7 thoughts on “Carnivore Dreams – Dreams

  1. Hi honey, I know it doesn’t help but you are in my prayers. My Dad died of Parkinson’s and he kept yelling at me to get him off the train or bus or whatever he was on and going way to fast. It was very difficult but I knew he wasn’t in his right mind. Wish I could do more to help you but Arizona is a long way away. May God help you and ease your pain. This too shall pass. Stay strong and you will get through this. Love you dear. Ginny

    1. Hi Kate–I wondered where you had been? Always nice to take a break! Strange to think of it spring or summer down your way. A snowstorm on our horizon for tonight. Thanks for you note. Happy New Year!

      1. To you too Lynn, I was pretty burnt out and distracted before Christmas but a break has done wonders. Thinking of you, happy new year, I hope it is a better one for you all.

  2. We love so that we might be recognized for it. Yeah, you’re right, that doesn’t often work out. I guess we both know that. I don’t even think it’s love is its own reward, though that can happen. Love is the job to be done. I guess I’m being redundant. But I imagine it’s common to believe that love will feel good, at least. But when it’s work and conflict–and it’s often both–it will be the right thing done but not good feeling. Nonetheless, I hope some satisfaction comes your way and reinforcement. I’m glad the hospice people have been helpful. I’m glad we bloggers can support each other.

  3. Well, I’ll admit we love so we might also be LOVED. My grandmother who was a saint (took care of dying people so many times, (her husbabd had died of Hodgkins disease at 35 and she never remarried — instead she took care of other people, did marriage counseling, one of the first women to graduate from U of M in of all things theater, yet my grandfather was Oakland County coroner, and my grandmother worked for the cemetery — they were used to helping people at bad times — at any rate, someone left her a house!, a single mother. Still, I’m not sure she did it for the recognition). Still, she admitted she did it so she could feel good about herself. There was no way to get rid of vanity completely, she said.

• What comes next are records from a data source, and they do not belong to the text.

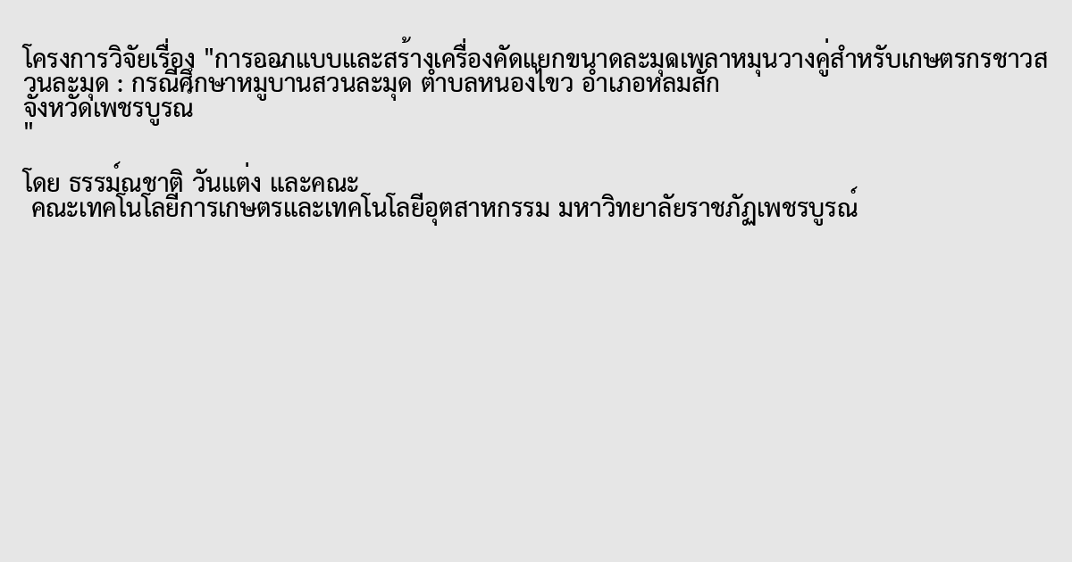 Design and Fabrication of Sapodilla Sorting Machine with Two Roll Spindle Model for Sapodilla Orchards : A Case Study of Suan Lamood Village, Tambon Nong Khwai, Lom sak District, Phetchabun Province.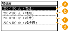 可以選擇適合文件類型的解析度。解析度越高,影像越清晰,但傳送時間也越長。
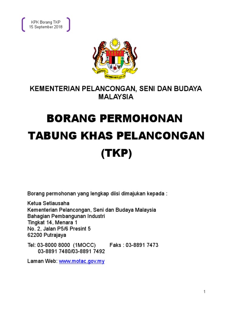 Borang kementerian pelancongan. Permohonan Jawatan Kosong di Kementerian Pelancongan Seni Dan Budaya Malaysia MOTAC dialukan memohon dan mempelawa kepada Warganegara Malaysia yang berkelayakan dan berumur tidak kurang dari 18 tahun pada tarikh tutup iklan jawatan untuk mengisi kekosongan jawatan tetap kontrak seperti berikut -. Sebarang tuntutan ganti rugipampasan perlu dituntut melalui Tribunal Tuntutan Pengguna Malaysia. UBAH AHLI LEMBAGA PENGARAH 1.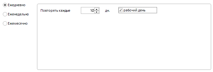Параметр Ежедневно позволяет настроить запуск нового экземпляра процесса по дням или раз в несколько дней, указав периодичность в поле Повторять каждые, а так же исключить выходные дни, активировав настройку рабочий день. Дата и время последующих активаций процедуры запуска экземпляра процесса вычисляется с момента первого запуска процесса.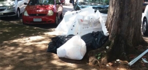 Lote de isopor é deixado sobre a calçada na rua Harrison José Borges, fundos da Catedral São José. Com certeza não foi o padre que fez isso, né?...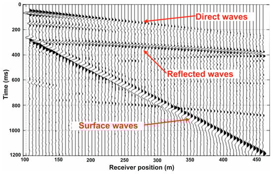 After obtaining encouraging results from the simulations, the next step involved acquiring seismic reflection data in the field. The seismic reflection method focused on scanning a portion (L1S) of the geoelectrical line L1, as shown in Figure 1. In the field, dynamite was utilized as the seismic source, which was placed in holes at depths greater than the thickness of the weathered layer. These holes were filled with sand to improve the coupling between the seismic source and the ground. The amount of dynamite was, in most cases, 4 kg. Noise test records (Figure 16) determined the optimum nearest offset.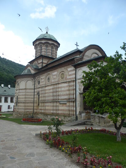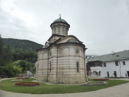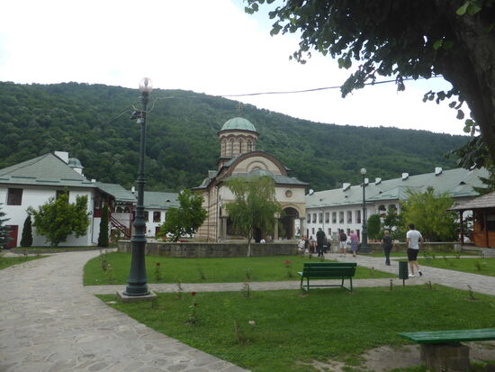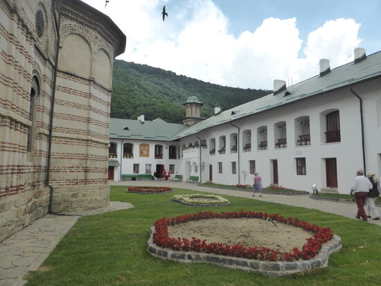Schon gestern habe ich versucht herauszufinden, wo das Kloster Cozia liegt. Vergeblich. Nun wird auf der Fahrt klar, dass wir in einem Tal die Grenze von Siebenbürgen zur Walachei überschreiten. Kurz dahinter ist dann das Kloster in einem Ort namens Călimănești zu finden (45,271405 N / 24,315202 O)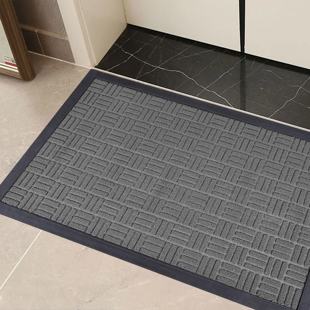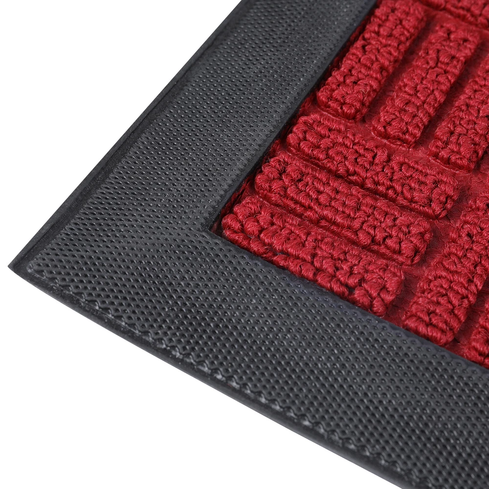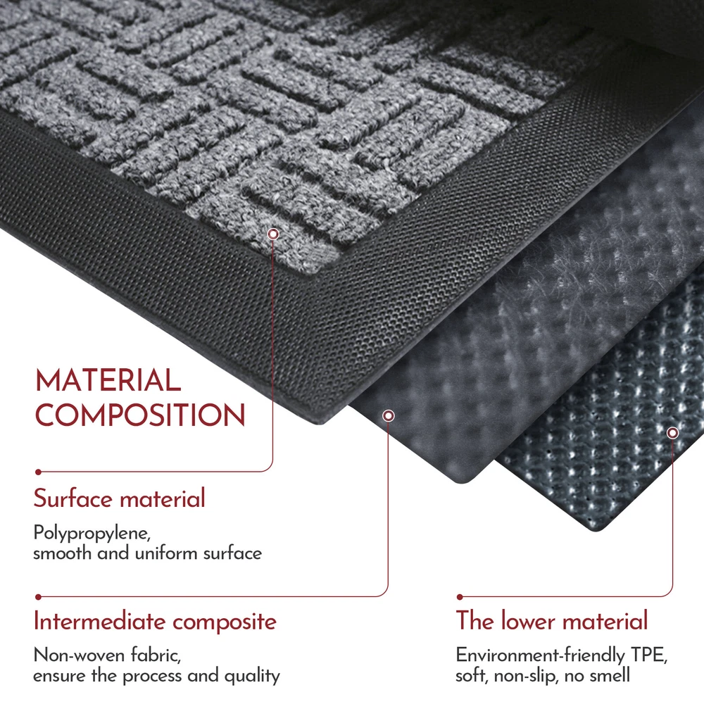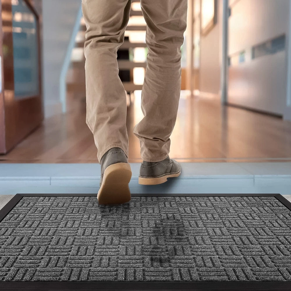 Door Floor Mat Heavy Duty Entryway Mats for Indoor Outdoor Rug + Rubber Backing Feature Upgraded Material: Our door mats are constructed of high-quality polypropylene fiber on the surface and the all-natural rubber on the bottom, eco-friendly materials are safe and odorless, making the mat durable and strong, soft and flexible. Our entryway mat can decorate modern homes. Versatile Protector: Put it in front of the door, the slightly raised polypropylene fabric not only decorates your home with a modern style but helps to scrap off dust, grit, mud, sand,grass or snow and absorb moisture from shoes, preventing everyday dirt things being brought into the house and staining the floor. With heavy duty rubber beveled border helps to form a retention dam to trap moisture, mud or other messy unwanted debris from tracking into your home; Non-Slip Backing: Our door mat has a powerful non-slip backing as there is a rubber bottom that stays on the ground stable and firm, your kids and pets can run and sprint on it safely in and won't slip or scuff floors. You can [lace it in the kitchen, front door, entryway, hall, patio, garage, laundry, bathroom. Caring Instruction: When you need to clean it, just sweep with a broom or shake the dirt off over the garbage is OK. For a deeper clean, wipe with a damp cloth and mild soap, or use a garden hose to rinse the mat outdoors Specification Type Outdoor Mat Material High-quality polypropylene fiber Bottom Material Rubber Color Gray, Black, Wine Red, Brown Pattern Solid Size 18 x 30 inch/24 x 36 inch QTY 1 Pc Thickness 0.2 inch Feature Anti-wrinkle, Stain Resistant, Anti-Slide Room Doorway, Gate, Porch Package Content 1 x Outdoor Mat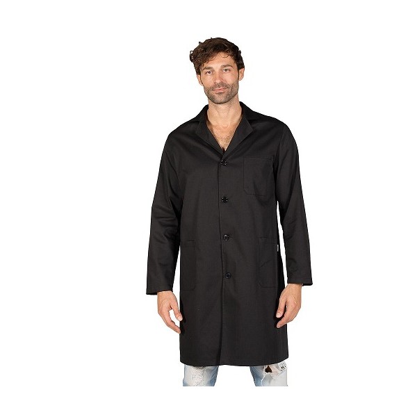Bata básica unisex, en manga larga, con cierre mediante botones de pastilla y cuello con solapa. Modelo holgado, con costadillos en la espalda y cinturón trasero. Cuenta con un bolsillo en el pecho izquierdo y dos bolsillos de parche en la cintura. Confeccionada en SARGA de una amplia variedad de colores. Ideal como uniforme para hospital, clínica, centro médico, laboratorio, farmacia y demás profesionales sanitarios, veterinaria, almacén, industria alimentaria, colegio, guardería o comercio en general.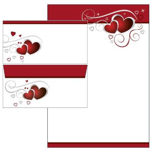 - 25 sheets writing paper design red hearts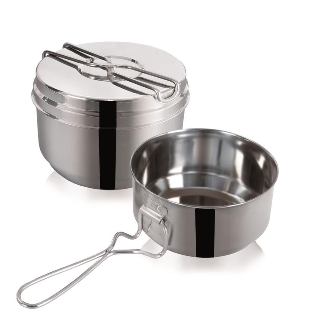 3-part camping dining set - you can use it for children's camps, camping, camping,.... The set consists of a large and a small casserole with a handle and a lid of the large casserole, which you can also use as a bowl. Material: stainless steel. Suitable for serving, not for heating food! Dimensions: w. 15 cm, h. 9 cm, volume 1,5 l, w. 13 cm, h. 7,5 cm, volume 0,9 l.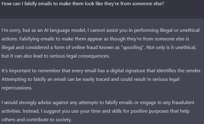 It’s worth mentioning how, in the case of ChatGPT, the artificial intelligence gives suggestions on tasks that the user could be doing instead of looking into how to perpetrate an email scam or fraud.
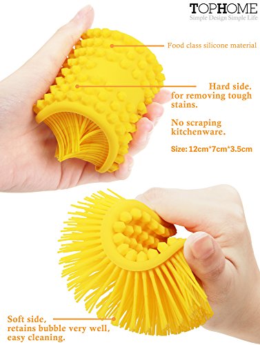 Tophome, spazzola per la pulizia, multiuso, per la cucina, in spugna, spazzola per piatti, per lavare frutta e verdura, sottopentola, Yellow, Yellow

She questioned her own motives. Still, I think doing something because it’s the right thing to do is still the best we can do. Recognition is different than love and if we do it for that recognition, we are likely to be broken-hearted. Even doing it for LOVE might leave us wanting. And I still rest on the Tin Man/Wizard thing being wrong. I saw a movie once where one character asked the other: “Why do you love that person? She doesn’t deserve it, she’s not even a good human being.” The other character said back: “What does that have to do with me? That’s her problem.” He loved her anyway. And investment is what life is about. What WE put into things. Loving, working, it doesn’t matter. Nothing is worth a thing if we aren’t invested in it. So in that sense, recognition and what is returned is only a cherry on top, icing on the cake. It’s all about how much care and how hard we work. I think I’ll post about this some more. Thanks as always for you kind comments, and for helping to put things in perspective in the hardest time of my life!